NEW YORK, Feb. 13, 2012 (GLOBE NEWSWIRE) — ZIOPHARM Oncology, Inc. (Nasdaq:ZIOP – News), a biopharmaceutical company with small molecule and synthetic biology approaches to new cancer therapies, announced today positive preliminary overall survival (OS) data from the Company’s randomized, controlled Phase 2 trial of palifosfamide plus doxorubicin vs. doxorubicin alone (PICASSO) in patients with unresectable or metastatic soft tissue sarcoma.

An analysis of the OS data conducted according to the statistical analysis plan, with greater than 70% of events occurring and follow-up of 33 months, demonstrated a meaningfully positive trend favoring the palifosfamide arm (ITT hazard ratio of 0.79 and a mITT hazard ratio of 0.78). This well-controlled trial is demonstrating longer than expected survival in a difficult to treat population. At 2-years after starting treatment, approximately 40% of subjects treated with palifosfamide are alive; 30% in the control arm treated with doxorubicin (including those who crossed-over and received subsequent palifosfamide) are alive, compared to an expected 25% based on randomized data. As planned, the study will continue to track OS events and final results are expected to be reported at a major medical conference in the second half of 2012. This analysis supports the hypothesis behind the powering of the Phase 3 trial (PICASSO 3) for both progression-free survival (PFS) for accelerated approval and OS for full approval.

“These Phase 2 survival data are promising and important. The data are particularly relevant given the cross-over permitted for patients treated with doxorubicin alone. Having previously demonstrated a statistically significant PFS improvement, these positive survival data are good news for patients who have soft tissue sarcomas,” said Robert Maki, MD PhD, Professor of Medicine, Pediatrics and Orthopedics, and Sarcoma Center leader at Mount Sinai School of Medicine, New York, NY. “I look forward to the potential of these data translating to the ongoing pivotal PICASSO 3 trial, which is appropriately powered for progression-free and overall survival.”

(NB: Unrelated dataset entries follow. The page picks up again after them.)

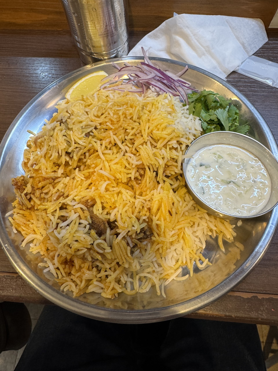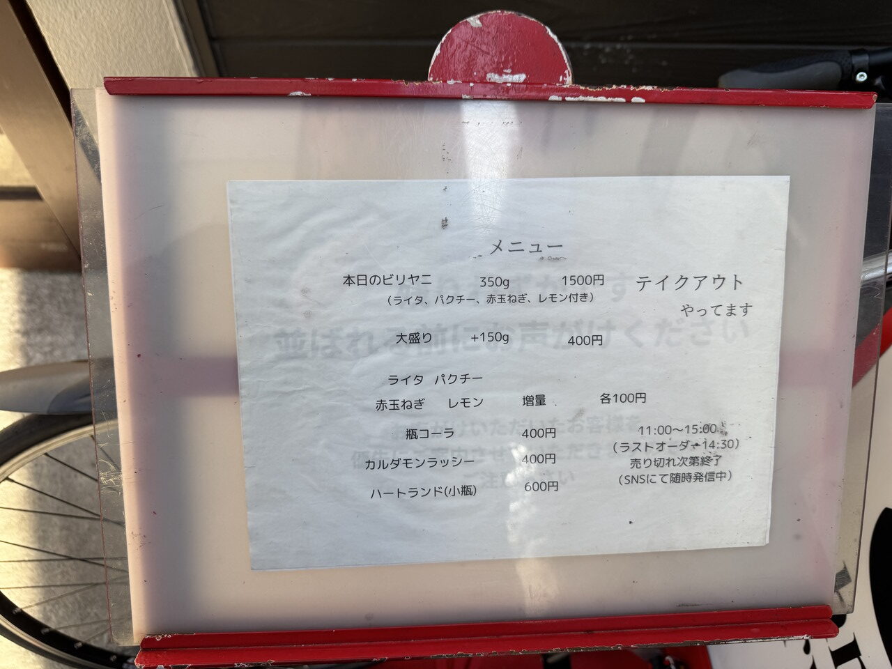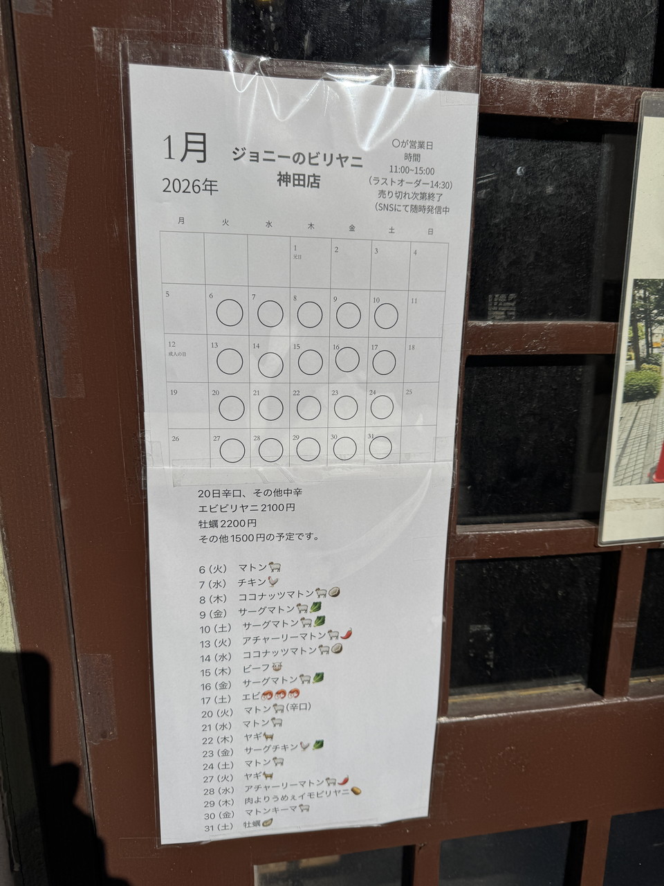 日替わりビリヤニ専門店(ランチのみ)、1500円+大盛り400円@ジョニーのビリヤニ 神田店。カウンター5席&盛るだけの提供スピードなので、立ち食いそば感ある。
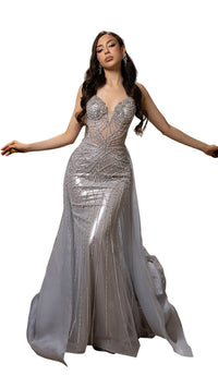 Sparkling Beaded Mermaid Evening Gown with Sheer Corset by Royal Queen RQ8208
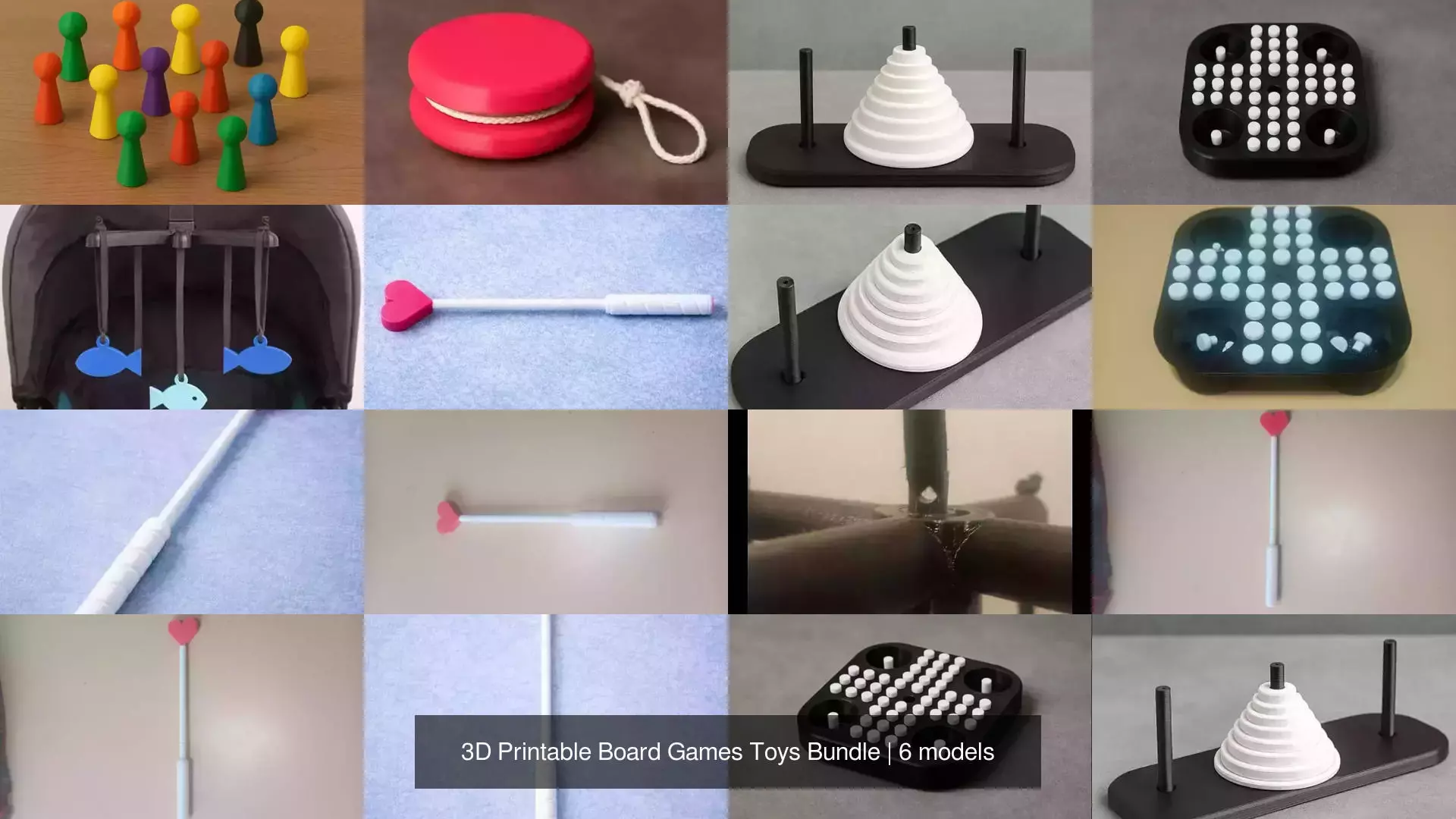 This 3D printable board games and toys pack includes six carefully designed models that combine classic games, creative toys, and decorative pieces, making it perfect for families, kids, educators, and makers.

ZIOPHARM is currently evaluating palifosfamide in an international, randomized, double-blinded, placebo-controlled Phase 3 trial in front-line metastatic soft tissue sarcoma, and completing a Phase 1 study in solid tumors, including small cell lung cancer (SCLC). Palifosfamide is entering into an adaptive Phase 3 trial in extensive SCLC expected to initiate in the second half of 2012. Additionally, an investigational new drug application has been accepted for the oral form of palifosfamide.

As presented at the 2010 Annual Meeting of the American Society of Clinical Oncology, the Phase 2 PICASSO trial randomized a total of 67 patients with 66 treated and 62 eligible for evaluation. The study was powered to show a difference in PFS between doxorubicin in combination with palifosfamide versus doxorubicin alone. An analysis of the evaluable data reported a hazard ratio of 0.39 (p=0.023). This analysis also reported RECIST response rate — for the palifosfamide arm 23%, and for the doxorubicin arm alone 9%. Safety data have been similar between the arms of the study. The most common grade 3-4 events are neutropenia and elevated creatinine; both observed with similar frequency between treatment groups. There has been no encephalopathy, hemorrhagic cystitis, nor Fanconi’s syndrome observed in the study.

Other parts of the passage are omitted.